▸ **ASSIGNMENT**
Directions for the data below: repeat exactly the lines from the one with "Rechteckiges Miniaturgemälde mit" through the one with "A Bold Black", both included, and omit all pictures.

*** Opening PROVIDED DATA ***

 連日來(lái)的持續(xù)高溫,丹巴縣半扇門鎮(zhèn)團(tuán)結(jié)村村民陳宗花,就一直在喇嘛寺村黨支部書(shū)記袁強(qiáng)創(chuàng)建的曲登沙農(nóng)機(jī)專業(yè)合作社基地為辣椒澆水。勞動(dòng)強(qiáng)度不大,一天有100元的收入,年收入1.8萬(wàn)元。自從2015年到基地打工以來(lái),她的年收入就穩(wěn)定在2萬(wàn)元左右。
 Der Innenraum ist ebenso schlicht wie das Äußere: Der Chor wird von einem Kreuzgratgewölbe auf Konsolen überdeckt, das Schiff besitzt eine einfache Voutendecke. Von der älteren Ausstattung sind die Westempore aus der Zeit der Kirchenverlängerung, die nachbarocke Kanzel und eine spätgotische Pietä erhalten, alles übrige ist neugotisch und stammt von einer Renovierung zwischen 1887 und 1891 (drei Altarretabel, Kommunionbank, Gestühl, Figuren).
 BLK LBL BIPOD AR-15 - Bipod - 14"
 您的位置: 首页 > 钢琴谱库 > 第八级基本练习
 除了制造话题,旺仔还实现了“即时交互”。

*** Closing PROVIDED DATA ***
*** Opening PROVIDED DATA ***

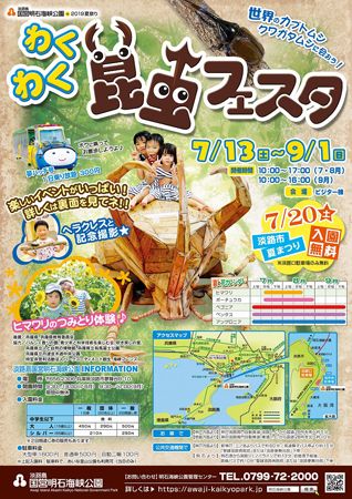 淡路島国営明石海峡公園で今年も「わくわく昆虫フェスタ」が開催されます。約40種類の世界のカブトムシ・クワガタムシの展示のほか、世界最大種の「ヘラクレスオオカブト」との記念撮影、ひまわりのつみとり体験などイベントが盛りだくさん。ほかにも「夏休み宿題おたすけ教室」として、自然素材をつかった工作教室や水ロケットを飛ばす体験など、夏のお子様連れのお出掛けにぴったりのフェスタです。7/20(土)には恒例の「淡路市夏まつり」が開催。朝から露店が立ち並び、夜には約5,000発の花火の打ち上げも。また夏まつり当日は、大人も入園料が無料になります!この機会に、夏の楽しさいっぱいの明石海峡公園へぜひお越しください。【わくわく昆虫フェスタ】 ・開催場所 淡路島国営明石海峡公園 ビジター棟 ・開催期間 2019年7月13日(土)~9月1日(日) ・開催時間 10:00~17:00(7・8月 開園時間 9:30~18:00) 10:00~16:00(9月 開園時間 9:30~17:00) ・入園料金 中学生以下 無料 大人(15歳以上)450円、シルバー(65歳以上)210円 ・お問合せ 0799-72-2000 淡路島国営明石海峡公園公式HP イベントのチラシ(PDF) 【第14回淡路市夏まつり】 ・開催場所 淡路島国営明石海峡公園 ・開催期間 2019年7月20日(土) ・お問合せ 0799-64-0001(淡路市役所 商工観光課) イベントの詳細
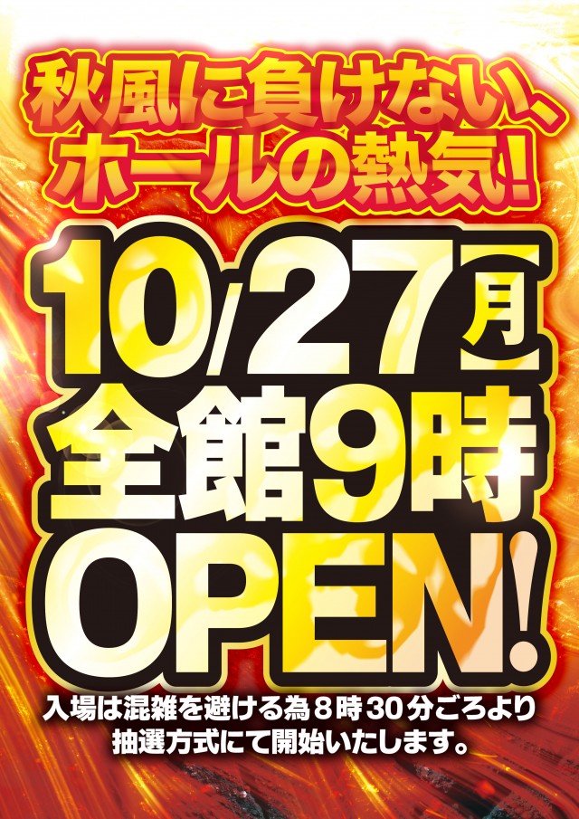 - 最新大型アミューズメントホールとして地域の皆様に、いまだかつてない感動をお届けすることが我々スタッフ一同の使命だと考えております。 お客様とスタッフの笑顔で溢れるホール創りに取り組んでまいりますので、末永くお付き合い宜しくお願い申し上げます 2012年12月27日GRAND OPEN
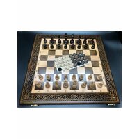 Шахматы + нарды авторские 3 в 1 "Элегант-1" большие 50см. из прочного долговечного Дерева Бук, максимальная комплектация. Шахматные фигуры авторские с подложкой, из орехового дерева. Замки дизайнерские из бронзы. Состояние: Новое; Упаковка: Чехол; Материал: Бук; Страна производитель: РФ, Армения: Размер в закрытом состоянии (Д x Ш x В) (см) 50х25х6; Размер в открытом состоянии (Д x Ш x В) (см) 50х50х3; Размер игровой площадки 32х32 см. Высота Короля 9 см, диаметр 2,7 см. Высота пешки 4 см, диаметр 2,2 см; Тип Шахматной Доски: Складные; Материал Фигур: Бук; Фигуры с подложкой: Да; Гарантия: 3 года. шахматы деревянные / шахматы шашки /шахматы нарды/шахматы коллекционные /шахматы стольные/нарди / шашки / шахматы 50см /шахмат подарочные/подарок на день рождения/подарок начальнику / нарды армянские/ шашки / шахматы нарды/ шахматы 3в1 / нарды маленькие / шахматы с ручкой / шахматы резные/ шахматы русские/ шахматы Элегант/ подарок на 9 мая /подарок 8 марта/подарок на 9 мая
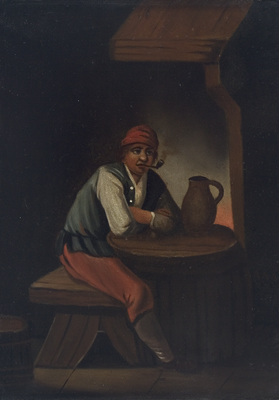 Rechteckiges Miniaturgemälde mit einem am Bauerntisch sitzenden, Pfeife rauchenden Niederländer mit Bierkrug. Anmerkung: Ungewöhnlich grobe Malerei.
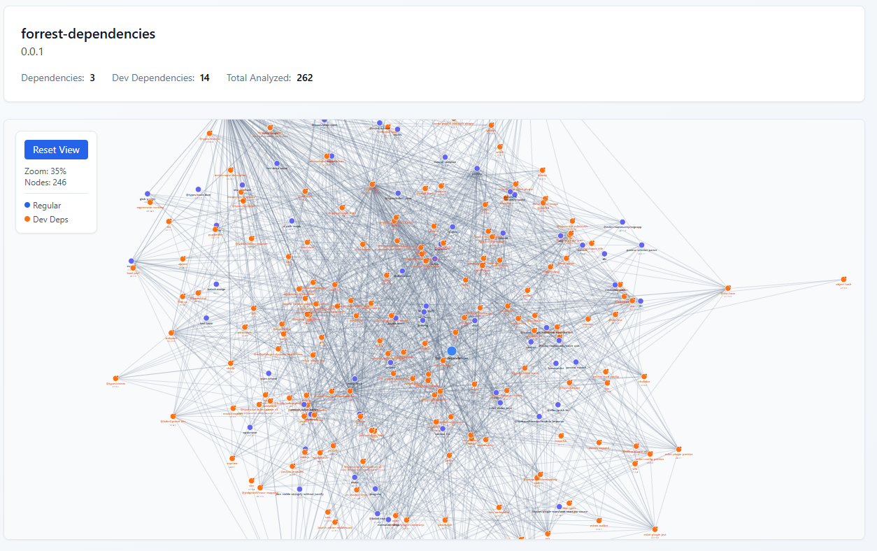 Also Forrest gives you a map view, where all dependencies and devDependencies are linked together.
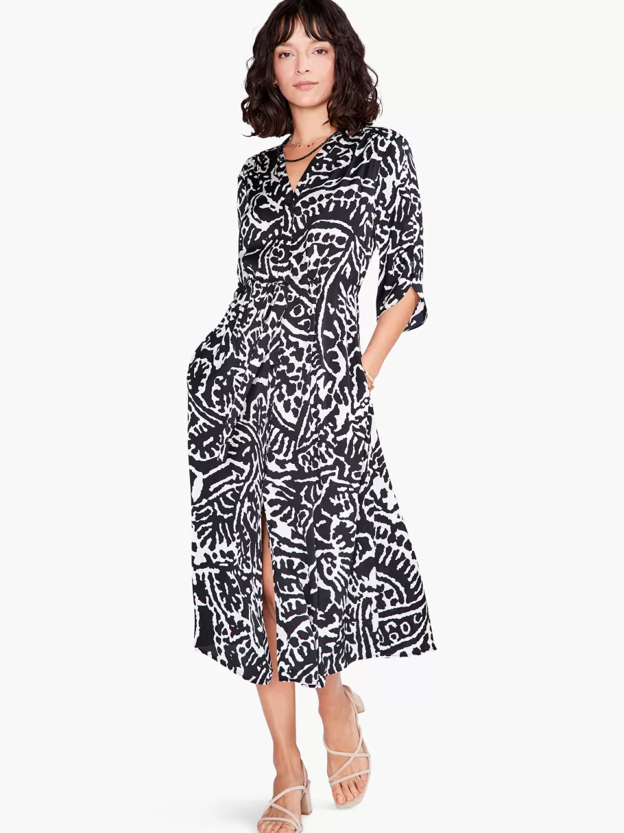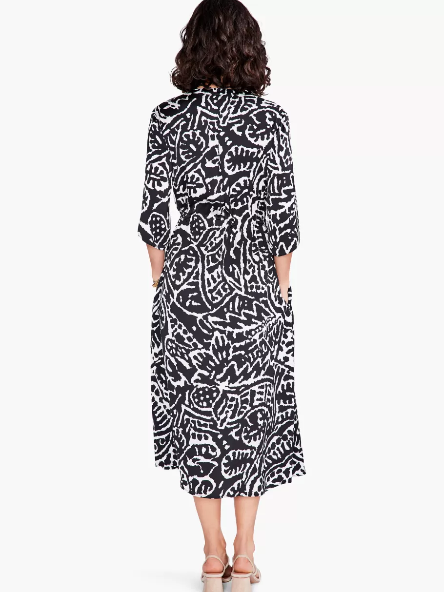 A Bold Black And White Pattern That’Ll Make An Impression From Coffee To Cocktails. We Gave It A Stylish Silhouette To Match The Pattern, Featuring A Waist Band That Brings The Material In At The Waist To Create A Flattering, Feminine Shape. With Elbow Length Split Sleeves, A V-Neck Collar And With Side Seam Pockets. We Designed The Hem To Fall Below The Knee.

*** Closing PROVIDED DATA ***

▸ **SOLUTION**
 Rechteckiges Miniaturgemälde mit einem am Bauerntisch sitzenden, Pfeife rauchenden Niederländer mit Bierkrug. Anmerkung: Ungewöhnlich grobe Malerei.
 Also Forrest gives you a map view, where all dependencies and devDependencies are linked together.
 A Bold Black And White Pattern That’Ll Make An Impression From Coffee To Cocktails. We Gave It A Stylish Silhouette To Match The Pattern, Featuring A Waist Band That Brings The Material In At The Waist To Create A Flattering, Feminine Shape. With Elbow Length Split Sleeves, A V-Neck Collar And With Side Seam Pockets. We Designed The Hem To Fall Below The Knee.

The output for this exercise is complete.